PROVIDED RECORDS:
· · · ·

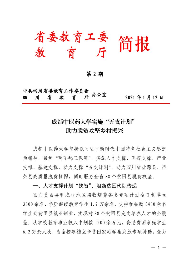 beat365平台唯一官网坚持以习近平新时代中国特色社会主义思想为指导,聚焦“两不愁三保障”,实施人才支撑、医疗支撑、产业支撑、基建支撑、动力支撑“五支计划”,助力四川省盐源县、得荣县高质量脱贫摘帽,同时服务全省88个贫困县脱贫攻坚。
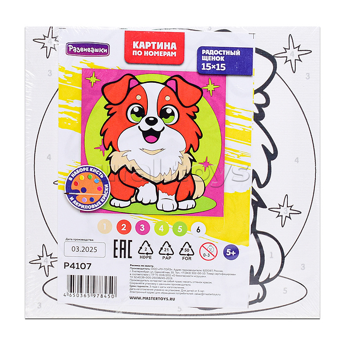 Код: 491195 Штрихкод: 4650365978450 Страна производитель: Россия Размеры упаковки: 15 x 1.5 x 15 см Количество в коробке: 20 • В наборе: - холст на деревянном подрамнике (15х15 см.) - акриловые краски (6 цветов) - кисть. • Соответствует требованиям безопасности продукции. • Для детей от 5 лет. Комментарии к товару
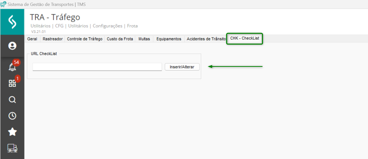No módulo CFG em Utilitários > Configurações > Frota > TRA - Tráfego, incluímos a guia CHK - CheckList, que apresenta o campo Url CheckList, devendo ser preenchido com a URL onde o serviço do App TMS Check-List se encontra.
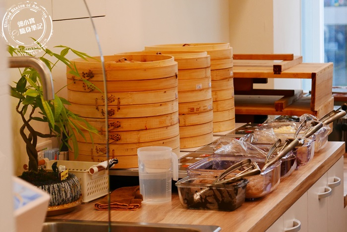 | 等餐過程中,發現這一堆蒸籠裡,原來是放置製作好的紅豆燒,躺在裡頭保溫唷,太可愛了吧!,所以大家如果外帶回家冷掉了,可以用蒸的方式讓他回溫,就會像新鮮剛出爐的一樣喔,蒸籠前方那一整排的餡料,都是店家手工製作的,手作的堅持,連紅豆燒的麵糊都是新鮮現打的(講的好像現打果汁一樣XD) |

· · · ·

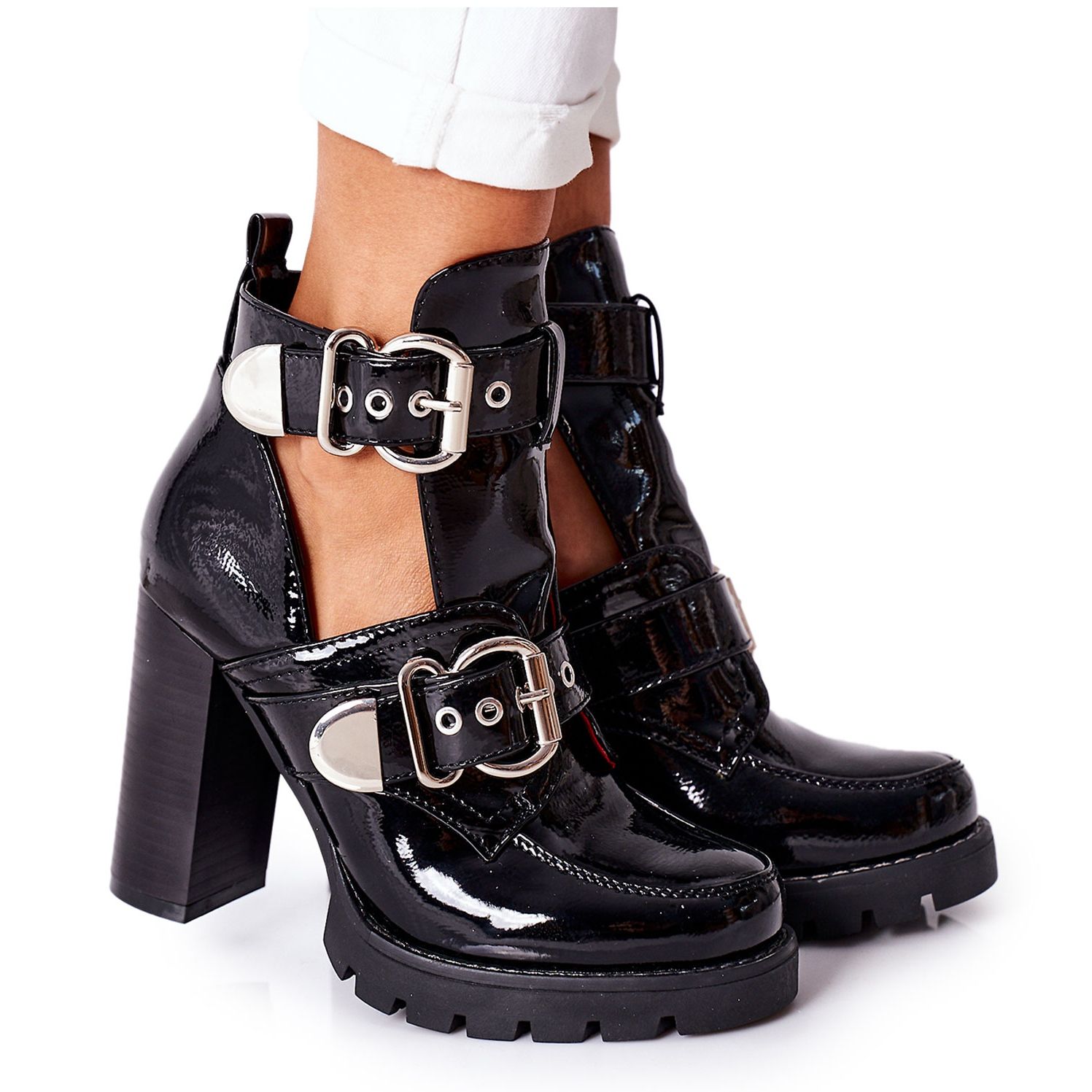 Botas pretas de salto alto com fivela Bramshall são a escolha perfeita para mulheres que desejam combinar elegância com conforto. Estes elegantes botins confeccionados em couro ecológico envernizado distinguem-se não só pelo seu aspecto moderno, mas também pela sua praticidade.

· · · ·

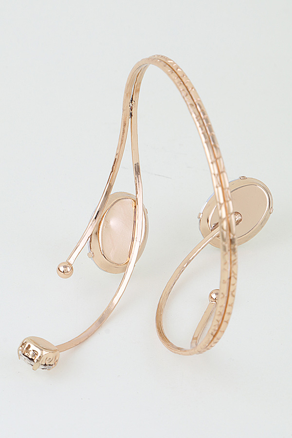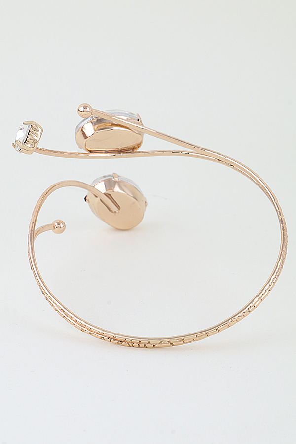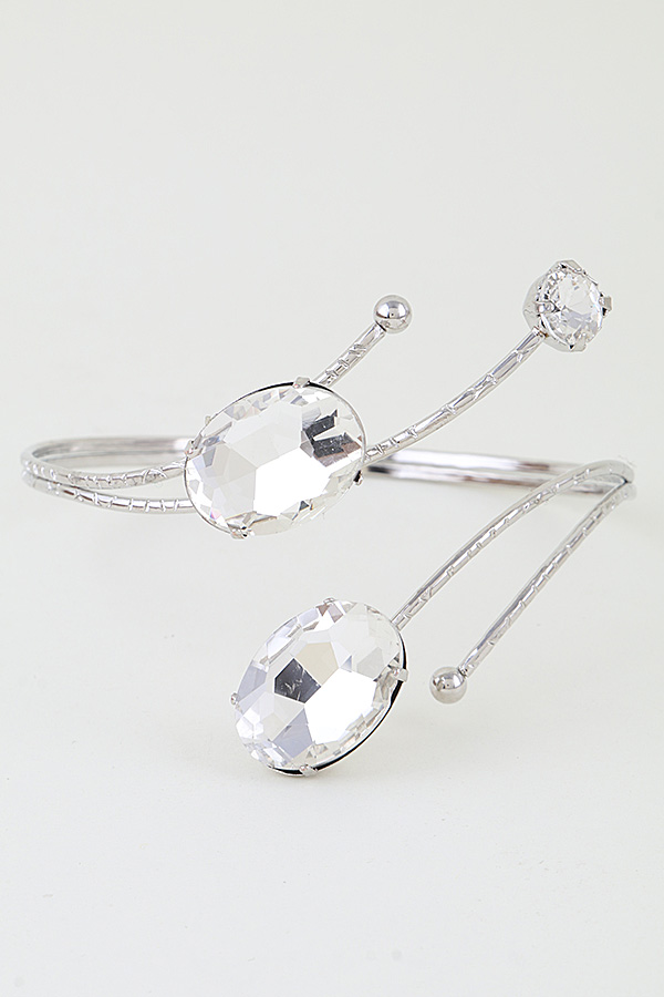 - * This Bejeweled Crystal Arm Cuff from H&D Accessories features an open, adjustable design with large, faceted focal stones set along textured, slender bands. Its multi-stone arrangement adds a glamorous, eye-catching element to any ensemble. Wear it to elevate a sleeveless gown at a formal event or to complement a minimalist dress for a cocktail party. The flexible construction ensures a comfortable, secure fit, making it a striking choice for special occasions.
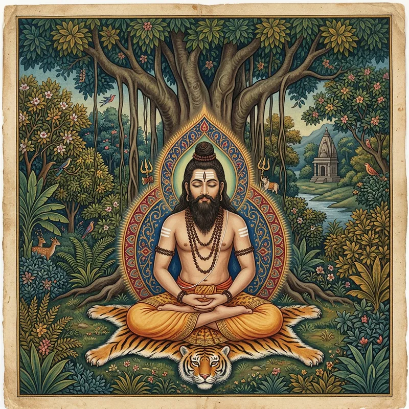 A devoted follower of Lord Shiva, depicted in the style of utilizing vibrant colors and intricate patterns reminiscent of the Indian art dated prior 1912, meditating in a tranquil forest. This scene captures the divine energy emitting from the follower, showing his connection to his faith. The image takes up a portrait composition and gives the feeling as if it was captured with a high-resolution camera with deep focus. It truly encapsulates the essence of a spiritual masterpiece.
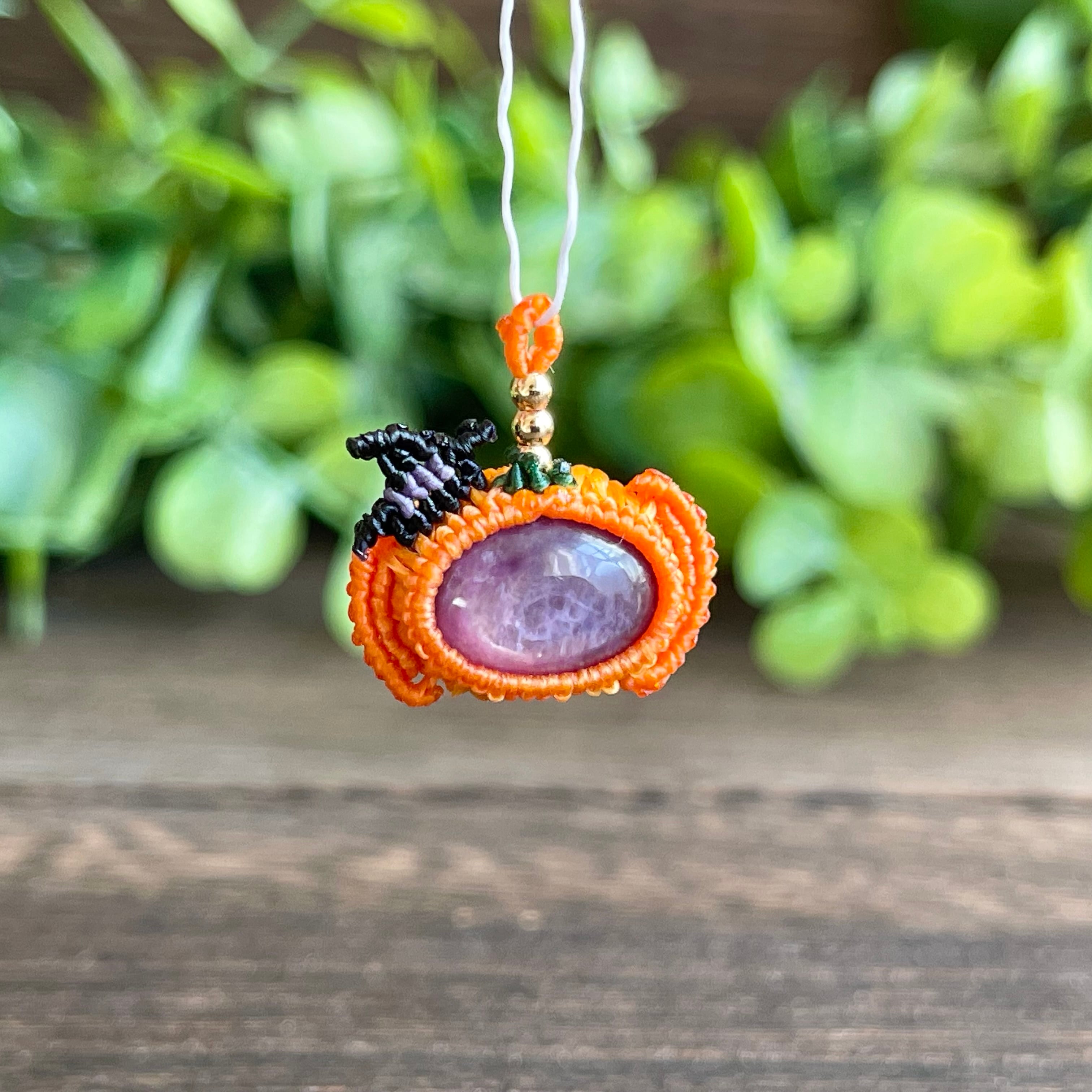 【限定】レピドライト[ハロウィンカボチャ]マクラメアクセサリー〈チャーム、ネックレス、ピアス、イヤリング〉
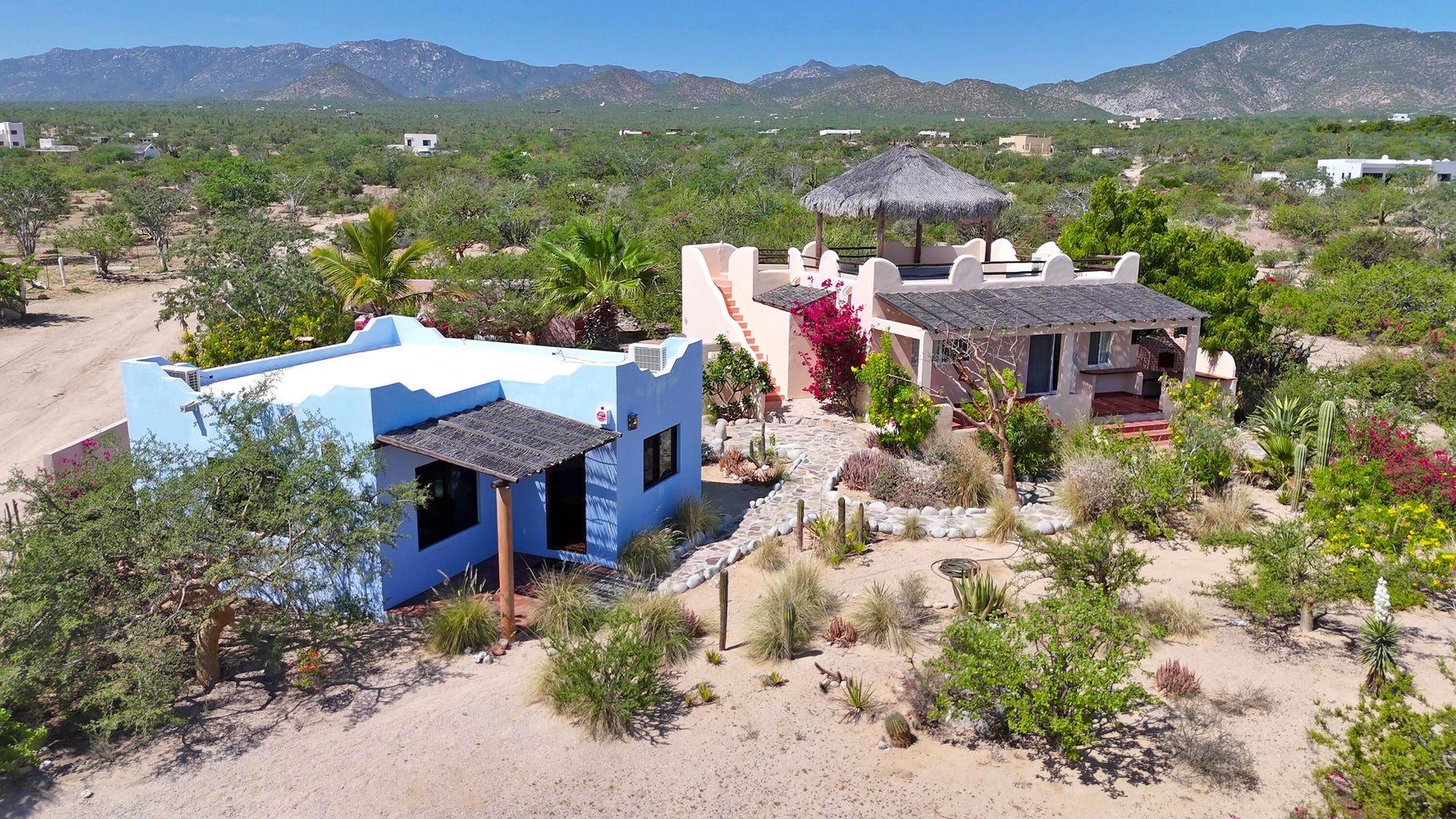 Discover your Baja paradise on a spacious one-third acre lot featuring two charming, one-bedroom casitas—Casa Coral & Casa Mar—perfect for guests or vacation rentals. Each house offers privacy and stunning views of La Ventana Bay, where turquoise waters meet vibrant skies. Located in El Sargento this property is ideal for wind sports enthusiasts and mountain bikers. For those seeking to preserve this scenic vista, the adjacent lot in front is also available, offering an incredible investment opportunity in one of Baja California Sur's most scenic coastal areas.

· · · ·

ABOUT THIS TASK:
What should come back is an exact copy of the lines above from the line with "beat365平台唯一官网坚" to the line with "Код: 491195 Штрихкод: 4650365978450", both included, minus the pictures.

ANSWER TO THE PROBLEM:
 beat365平台唯一官网坚持以习近平新时代中国特色社会主义思想为指导,聚焦“两不愁三保障”,实施人才支撑、医疗支撑、产业支撑、基建支撑、动力支撑“五支计划”,助力四川省盐源县、得荣县高质量脱贫摘帽,同时服务全省88个贫困县脱贫攻坚。
 Код: 491195 Штрихкод: 4650365978450 Страна производитель: Россия Размеры упаковки: 15 x 1.5 x 15 см Количество в коробке: 20 • В наборе: - холст на деревянном подрамнике (15х15 см.) - акриловые краски (6 цветов) - кисть. • Соответствует требованиям безопасности продукции. • Для детей от 5 лет. Комментарии к товару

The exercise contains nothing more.